---- SUPPLIED MATERIAL

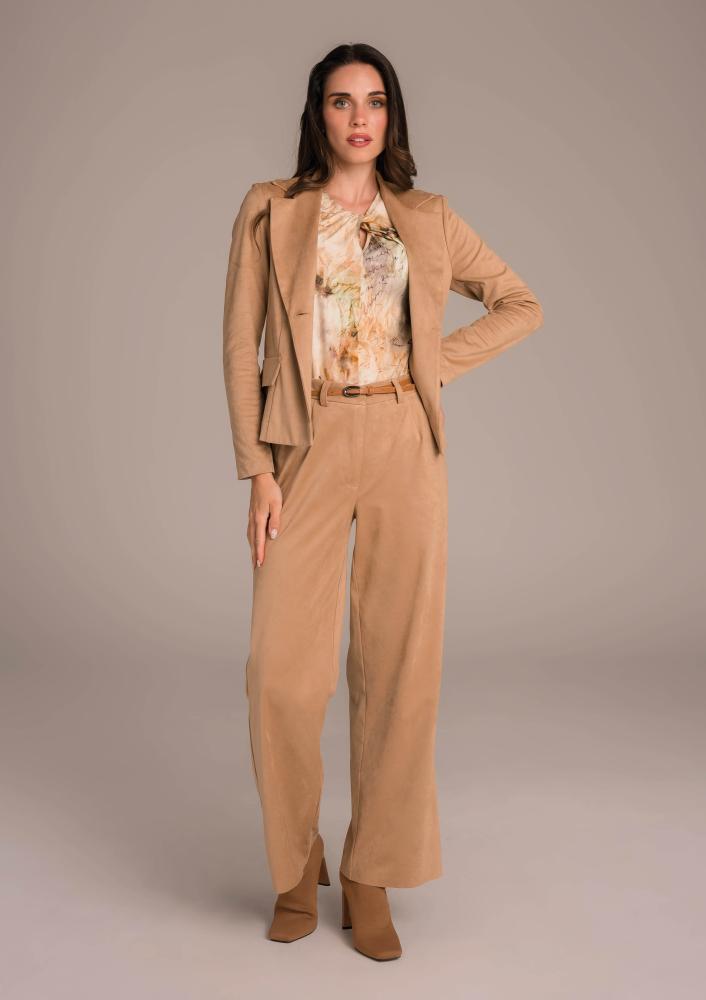Barna színű, elasztikus pamut-vászon Magenta nadrág, hátán zsebekkel, elején gombos és zippzáras záródással, övbújtatós derékrésszel. Oldalán rávarrt textil Magenta márkajelzés.
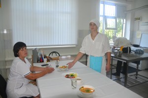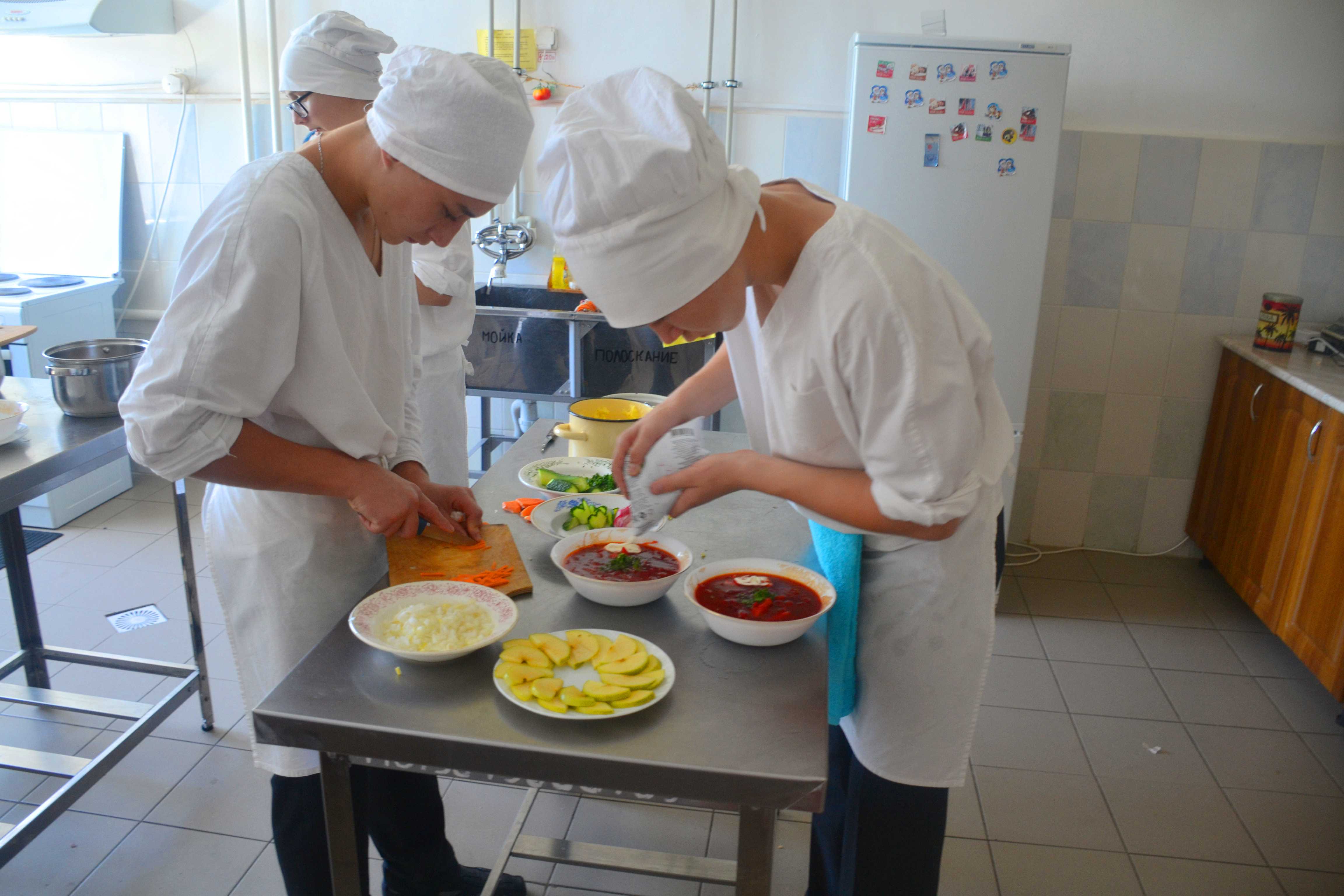 На оценку комиссии были представлены: супы «Солянка», «Харчо», «Борщ». На второе блюдо ребятами были приготовлены пюре с рыбными биточками, кулебяка, плов с курицей, картошка фри с зразами, бефстроганов в сметанном соусе. Из напитков: чай, компот из яблок, кофейный напиток.
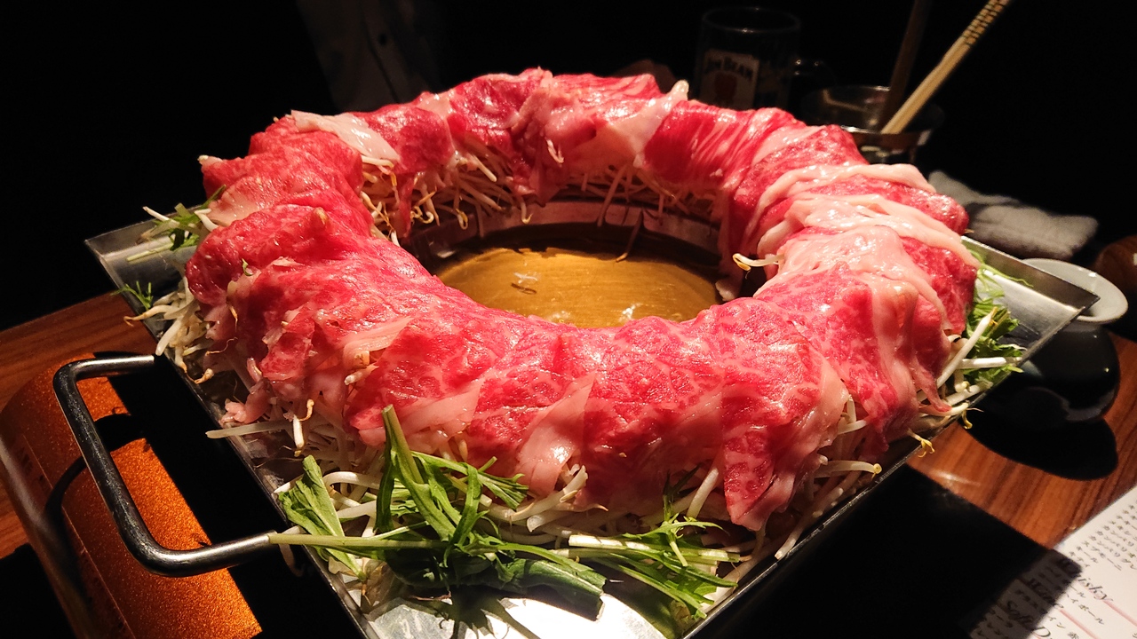 銀座通りから2本裏通りに入ったところにあるビルの4階、5階にあるお店。少し薄暗い店内は、ラウンジっぽく雰囲気はよい。2~3時間飲み放題コースが基本で、メインは「炊き鍋」(簡単に言うとしゃぶしゃぶ)。お肉の種類、飲み放題の時間で値段は変わる。飲み放題メニューにスパークリングワイン(最初の一杯だけでもよい)くらい加えてほしいところだか、ビール、カクテル系の種類は豊富。逆にワインの種類は少ないが価格を考えるなら仕方がないかも。しゃぶしゃぶのお肉は質は悪くなく、だし汁も工夫があるようで美味。ただし、コースとしてはなんとなくノーマルで、新鮮味が感じられなかった。とはいえ、銀座で飲み放題で、まぁまぁのしゃぶしゃぶのコースが食べられると思えばコスパはかなりよいと思う。なお、Webには「完全個室」とありますが、半個室くらいな感じで、完全に仕切られているわけではない。
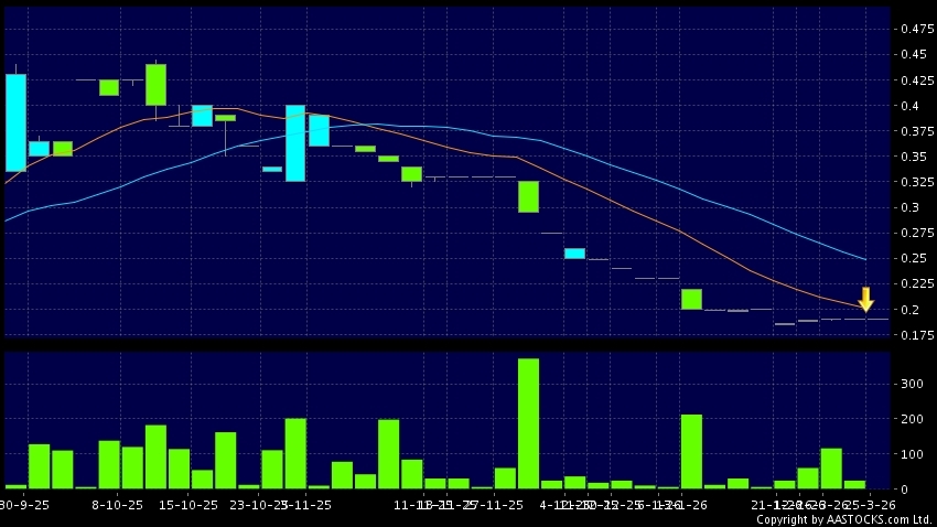 華星控股(08237.HK) -0.025 (-5.051%) 10天移動平均線跌穿20天移動平均線,出現死亡交叉。現價報0.190,無升跌,成交量0.00股,成交額0.00。
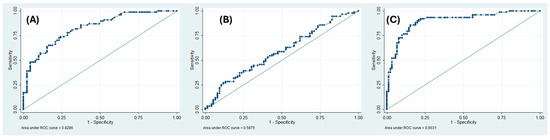 Neutrophil/leukocyte ratio predicting (A) Intensive Care Unit (B) Mechanical ventilation (C) In-hospital mortality.
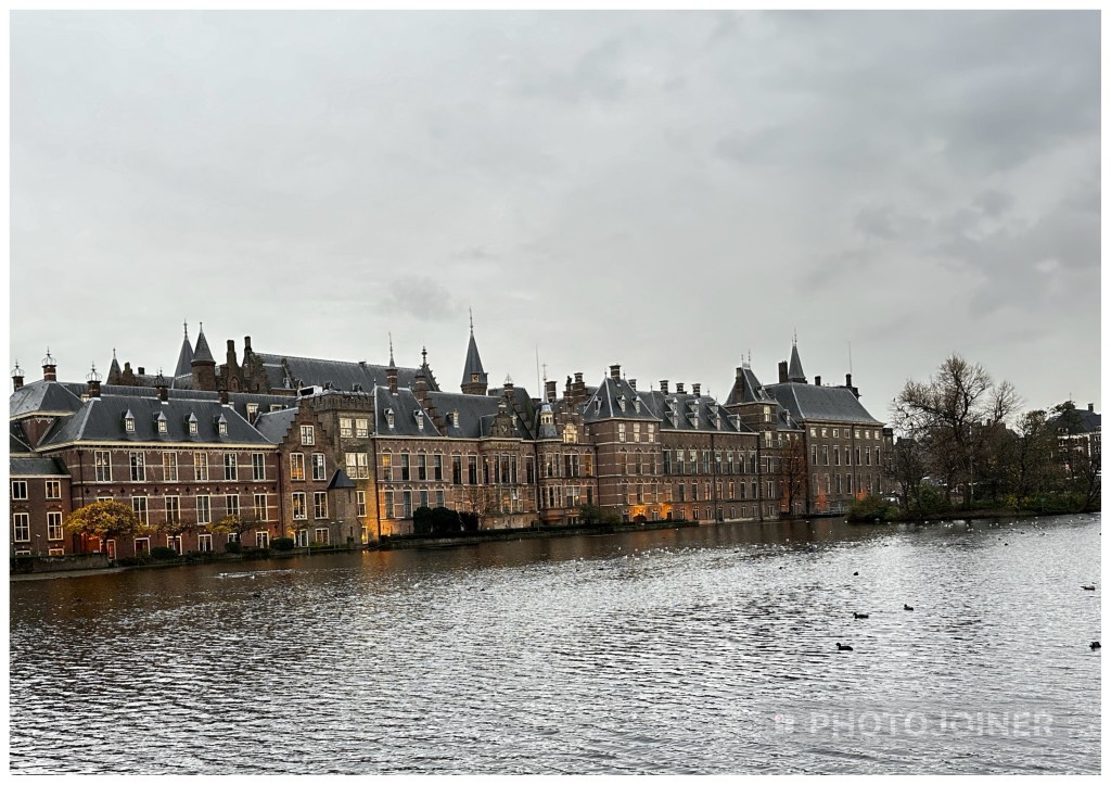 The Binenhof Parliament Complex sits next to the Hofvigver Lake in the centre of The Hague and houses the Prime Minister’s office as well as both house of parliament. There were news crews out and about on the day of our visit as it was election day.
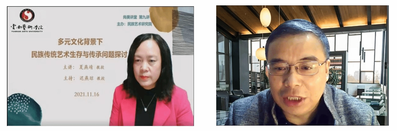 2021年11月16日晚19:00,今年会官方网站民族艺术研究院尚美讲坛高端学术讲座第九期顺利举行。本期主讲嘉宾为南京艺术学院研究院夏燕靖教授,讲座题目是《多元文化背景下民族传统艺术生存与传承问题探讨》。讲座由民族艺术研究院书记迟燕琼教授主持。
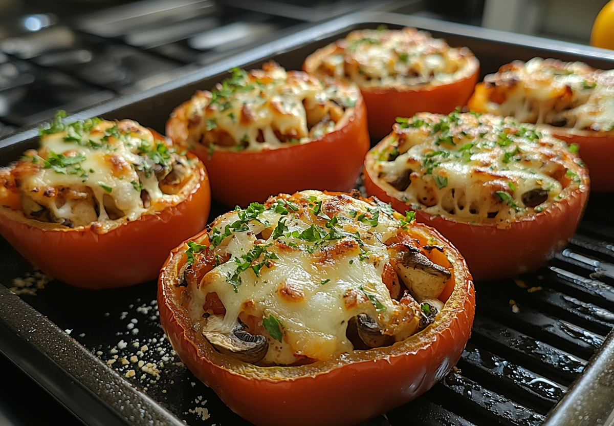 Болгарский перец разрезать пополам, удалить семена, не трогая плодоножку. Выложить половинки перцев на противень, наполнить начинкой из курицы, грибов и лука. Сверху каждую заготовку накрыть кружком помидора и дополнить тертым сыром, смешанным с майонезом.
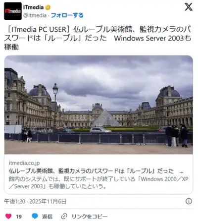 ルーブル美術館、ガバガバだった 監視カメラパスワードは「ルーブル」 Windows2000等も稼働

--------

### PROBLEM TO SOLVE
Though the entries above contain pictures, none should be copied; reproduce only the lines between the one holding "銀座通りから2本裏通りに入っ" and the one holding "2021年11月16日晚19", inclusive, exactly as written.

### TASK SOLUTION
 銀座通りから2本裏通りに入ったところにあるビルの4階、5階にあるお店。少し薄暗い店内は、ラウンジっぽく雰囲気はよい。2~3時間飲み放題コースが基本で、メインは「炊き鍋」(簡単に言うとしゃぶしゃぶ)。お肉の種類、飲み放題の時間で値段は変わる。飲み放題メニューにスパークリングワイン(最初の一杯だけでもよい)くらい加えてほしいところだか、ビール、カクテル系の種類は豊富。逆にワインの種類は少ないが価格を考えるなら仕方がないかも。しゃぶしゃぶのお肉は質は悪くなく、だし汁も工夫があるようで美味。ただし、コースとしてはなんとなくノーマルで、新鮮味が感じられなかった。とはいえ、銀座で飲み放題で、まぁまぁのしゃぶしゃぶのコースが食べられると思えばコスパはかなりよいと思う。なお、Webには「完全個室」とありますが、半個室くらいな感じで、完全に仕切られているわけではない。
 華星控股(08237.HK) -0.025 (-5.051%) 10天移動平均線跌穿20天移動平均線,出現死亡交叉。現價報0.190,無升跌,成交量0.00股,成交額0.00。
 Neutrophil/leukocyte ratio predicting (A) Intensive Care Unit (B) Mechanical ventilation (C) In-hospital mortality.
 The Binenhof Parliament Complex sits next to the Hofvigver Lake in the centre of The Hague and houses the Prime Minister’s office as well as both house of parliament. There were news crews out and about on the day of our visit as it was election day.
 2021年11月16日晚19:00,今年会官方网站民族艺术研究院尚美讲坛高端学术讲座第九期顺利举行。本期主讲嘉宾为南京艺术学院研究院夏燕靖教授,讲座题目是《多元文化背景下民族传统艺术生存与传承问题探讨》。讲座由民族艺术研究院书记迟燕琼教授主持。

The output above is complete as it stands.